Item 6. Indemnification of Directors and Officers.

Linde plc is incorporated under the laws of Ireland.

Under Irish law, a company may not exempt or indemnify its directors from liability for negligence or a breach of duty. However, where a breach of duty has been established, directors may be statutorily exempted by an Irish court from personal liability for negligence or breach of duty if, among other things, the court determines that they have acted honestly and reasonably, and that they may fairly be excused as a result.

The Irish Companies Act permits a company to pay the costs or discharge the liability of a director or the secretary only where judgment is given in his/her favor in any civil or criminal action in respect of such costs or liability, or where an Irish court grants relief because the director or secretary acted honestly and reasonably and ought fairly to be excused.

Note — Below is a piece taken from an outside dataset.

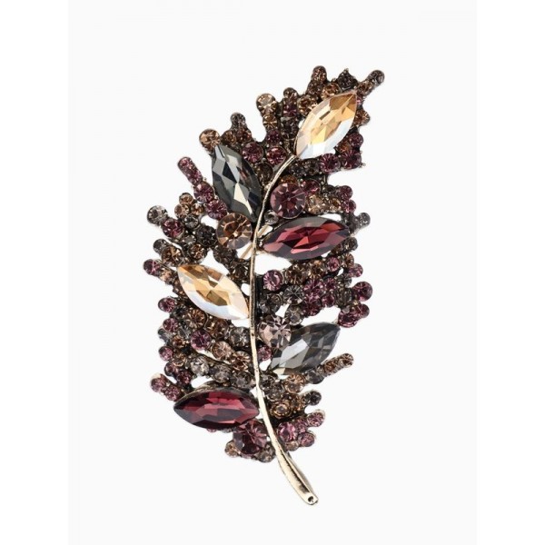 • Брошь «Императрица. Лист», бордово-коричневая, цвет золотистый

This restriction does not apply to executives who are not directors or the secretary. Any obligation of an Irish company that purports to indemnify a director or secretary of an Irish company over and above this will be void under Irish law, whether contained in its articles of association or any contract between the director or secretary and the company.

In addition, Linde plc’s Constitution provides, so far as is permitted under the Irish Companies Act, that every director and the secretary shall be entitled to be indemnified by Linde plc against all costs, charges, losses, expenses and liabilities incurred by him in the execution and discharge of his duties or in relation thereto including any liability incurred by him in defending any proceedings, civil or criminal, which relate to anything done or omitted or alleged to have been done or omitted by him as an officer or employee of Linde plc and in which judgment is given in his favor (or the proceedings are otherwise disposed of without any finding or admission of any material breach of duty on his part) or in which he is acquitted or in connection with any application under any statute for relief from liability in respect of any such act or omission in which relief is granted to him by the court.

Linde plc will also indemnify any person who was, is or is threatened to be made a party to a Proceeding (defined below) by reason of the fact that he or she is or was an “officer” as such term is defined under the Exchange Act (excluding any director or secretary), as well as with individuals serving as director, officer or some other function of any other entity, to the fullest extent permitted under Irish law, as the same exists or may hereafter be amended. Such right shall include the right to be paid by Linde plc expenses incurred in defending any such Proceeding in advance of its final disposition to the maximum extent permitted under Irish law, as the same exists or may hereafter be amended; provided that to the extent required by law, such payment of expenses in advance of the final disposition of the Proceeding shall be made only upon receipt of an undertaking by the person to repay all amounts advanced if it should be ultimately determined that the officer or other covered person is not entitled to be indemnified under this article or otherwise. “Proceeding” means any threatened, pending or completed action, suit, claim or proceeding, whether civil, criminal, administrative, arbitrative or investigative, any appeal in such an action, suit, claim or proceeding, and any inquiry or investigation that could lead to such an action, suit, claim or proceeding.

The directors and officers of Linde plc and the other registrants are covered by insurance policies indemnifying against certain liabilities, including certain liabilities arising under the Securities Act, which might be incurred by them in such capacities and against which they may not be indemnified by us.

In addition, Linde Inc. (formerly, Praxair, Inc.), a subsidiary of Linde plc, has entered into indemnification agreements with each of Linde plc’s directors that provide for indemnification in respect of liabilities incurred by them while acting in their capacities as directors of Linde plc in accordance with customary standards.

Item 7. Exemption From Registration Claimed.

Not applicable.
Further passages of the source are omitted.